The Machine 1

Back in August 2012 when the world’s attention was squarely focussed on London, down in Wales, and in point of fact Bridgend, a quiet town just outside Cardiff, in a warehouse in an industrial estate of all places, a brand new science fiction film was being filmed, one that takes place in a world dissimilar enough to where we are. “We haven’t seen much of it [Bridgend] because we’ve been filming in here [The Warehouse], this is an underground bunker, and we’re shooting in a real MoD site in St. Athans, which is just outside Cardiff, so we’re using that as the exterior.” producer John Giwa-Amu tells us as we sit down for an introduction to The Machine in the back of the warehouse, where light breaks into the room just enough to remind some of the cast and crew what the outside world is like.

 

In an effort to give us just enough details of the plot with giving things away, as we find a lot of the cast and crew do their best to avoid, John details us the plot from his perspective.

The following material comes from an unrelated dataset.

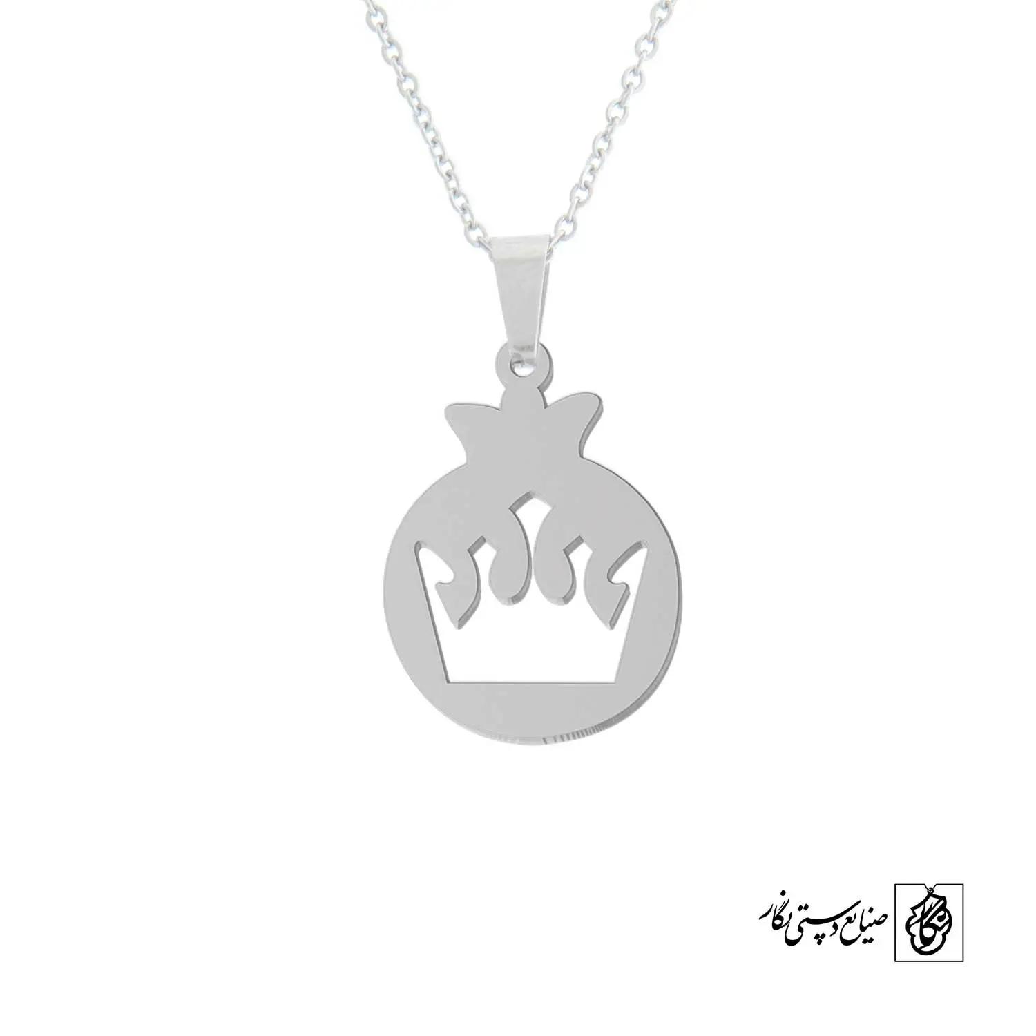 گردنبند انار تاج کد 40394 از جنس استیل ضدزنگ و ضد حساسیت با رنگ ثابت توسط زیورآلات نگار طراحی و ساخته شده است. این گردنبند با ضخامت 1 میلیمتر در ابعاد 2.5 تا 4 سانتیمتر نسبت به سفارش مشتری قابل ساخت است. تمام محصولات در فروشگاه زیورآلات نگار بعد از خرید ساخته خواهد شد و بین 7 تا 15 روز به دست مشتریان گرامی خواهد رسید.

“Toby plays a character called Vincent McCarthy who’s daughter has got something called Rett syndrome, which is on the Autistic spectrum.” John continues, getting down to the nitty gritty of the narrative, “So as a genius scientist he devotes his life to try to fix this problem with his daughter, fixing neural connections in her head. He has varying degrees of success with it, and that’s where we cut into the movie. He’s doing another test on one of these soldiers, and these things aren’t working properly, for some reason they completely imbalance the people they put them in and the soldier in the beginning tries to kill him. He almost gives up on his research until he meets Ava, Caity Lotz’s character, and Caity or Ava has been developing her own strand of AI, and together when they merge their findings they come up with something quite special. And actually The Machine passes the Turing test, which is the test to see if something is human or not or how close to human it is. They can’t catch it out for the first time, it’s the first time they failed to do that to a machine. So they take it a step on and put this machine, this brain, into a body.”

The Machine

We get a tour of the warehouse, a large unit with wide corridors full of lines on the floor, buggies and wires, it feels like they are manufacturing the film in each window we look in, with sets everywhere we turn, yet the focus for the day is closer to the entrance of the warehouse, which we find is a large chained up camp complete with automatic doors, a large tented area full of bunk-beds and actors in yellow jumpsuits sitting and standing within the confines of the camp. it feels like the room goes on forever, as dust and smoke and atmosphere mostly block out the bright lights on the far ceiling, flood lights for the compound. We find director Caradog James here, sorting out set-ups for the afternoon and giving us just enough time to discuss the film, and how he’s dealing with making what is essentially a very intricate and detailed science fiction story something for a mass audience as well.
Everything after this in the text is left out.